Predicted harvest recapture rate was much higher for Osaka Bay than for Hamana Lake, Urado Bay, or Okayama Prefecture (Table 1), and because no physical evidence is yet available on harvest contribution rates, model assumptions need to be carefully considered. While exploitation rates for Osaka Bay are believed to be quite high, uncertainty remains regarding the calculation of the actual rates. The Delury method used for estimating fishing efficiency (q) was conducted during cold weather months (December-April) when crabs are more easily captured. This could have inflated estimates of q and fishing mortality rate (F). Still, given the rapid growth and relatively high survival of the released crabs in Ariyama's 1990 study, there seems a strong possibility that hatchery releases are making significant contributions to harvests in Osaka Bay. Post-release survival estimates for Osaka Bay were based upon a single study (1990) in which secondary rearing and release conditions may have been substantially improved over those that occur using routine prefectural practices. In particular, leg loss during collection of tank-reared C-4 instars is believed to contribute to early mortality of released crabs. Ariyama (2000) conducted a similar study in 1982 on post-release survival but for this study, secondary rearing was conducted in cement tanks (the more typical prefectural practice), rather than net pens. Survival during the first month after release of C-3 - C-4 juveniles was only 2%. A clear conclusion from this case was that the method of collecting and handling hatchery-produced juvenile crabs for transportation and release can have negative consequences.
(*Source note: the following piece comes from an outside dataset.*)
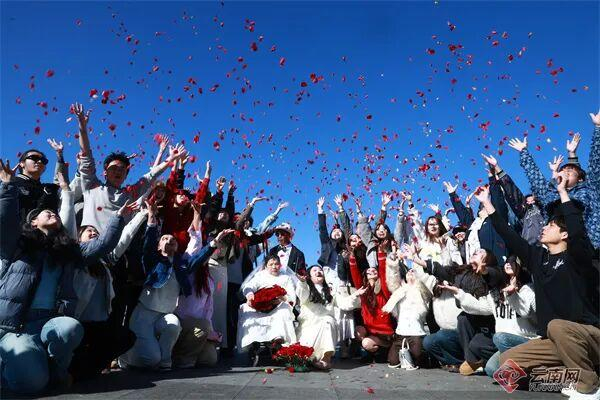 路人纷纷“抢镜”,送来祝福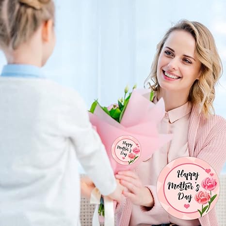 500 Pcs Happy Mother's Day Heart Stickers - 2 Inch Large Floral Gift Labels - Self-Adhesive Heart-Shaped Seals for Envelopes, Gift Wrap, and Party Favors

Highly concentrated batches of juvenile crabs can lead to significant limb loss that in turn will reduce survival of released crabs.
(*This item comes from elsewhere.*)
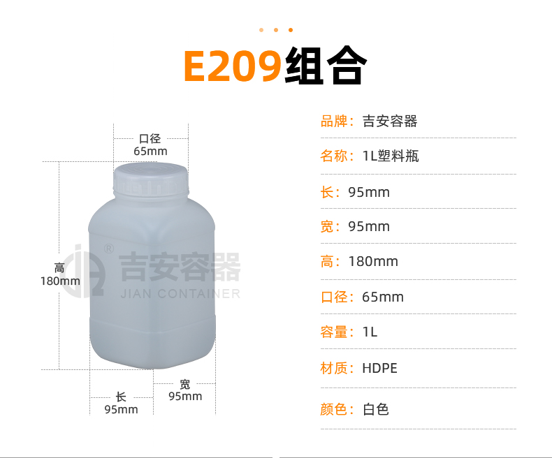 東莞市吉安包裝容器有限公司創立于2000年8月1日,是中國知名品牌企業。已通過ISO 9001質量管理體系資質認證,加入了中國中空協會,并獲得《中國知名品牌》,《國家標準合格產品》,《全國重合同守信用AAA級企業》,《質量.服務.誠信AAA企業》等榮譽稱號。根據材質的不同,我們的產品分為塑料容器、鐵質容器、鋁材容器、玻璃容器、紙質容器等五大類。按產品的名稱分為塑料桶、塑料瓶、包裝桶、涂料桶、機油桶、油脂桶、化工罐、膠水瓶、鐵桶、鐵罐、鋁瓶、鋁罐、阻隔瓶、高阻隔瓶等,容量從3ML至1000L多種規格,多種款式。適合包裝的產品包括:化學試劑、化工原料、化工助劑、飼料添加劑、油墨、油漆、樹脂農藥、日用化學品、聚氨脂、膠粘劑,廣泛應用于化工、建筑、食品、醫療、生物等各領域。

These results emphasize the importance of detailed assessment and analysis of factors affecting successful survival of released juveniles. Though we have highlighted the research of several prefectural scientists who are active in developing quantitative evidence for the assessment of hatchery enhancement, in general such research is nascent and is greatly underfunded relative to the investment in hatchery production. There remain many untested fundamental assumptions in the methods used to evaluate harvest recapture rates, and we should attribute high uncertainty levels to these rates (Table 1). Particularly valuable in the future evaluation of hatchery contribution will be recent developments in tagging crabs with micro-wire tags and more conventional external tags (Okamoto 1999; Ariyama et al. 2001). Also, more experimental approaches, such as those utilized by Dr. Okamoto in Hamana Lake, will substantially advance evaluations of how hatchery released crabs contribute to fisheries, and how they interact with wild P. trituberculatus and potentially affect the ecosystems into which they are released. As another example of nascent research, the mtDNA study of Scylla tranquebarica (see sidebar, Applications of Population Genetics to Assess Survivorship of Hatchery-Reared Crabs) also indicated that hatchery releases could make local contributions to populations of a retentive crab species. Genetic markers should be very useful in the future evaluation of scientific approaches in P. trituberculatus as well. These examples of scientific approaches in evaluating the effectiveness of hatchery-based enhancement (see Japanese Sea Ranching Program, Goal 6), while promising, are still embryonic and in need of substantially increased support by government entities, should they be successful. We re-emphasize a central point here: within the Japanese Sea Ranching Program, there has been little scientific evaluation of effectiveness of mass releases of swimming crabs and other species despite its 30-year existence.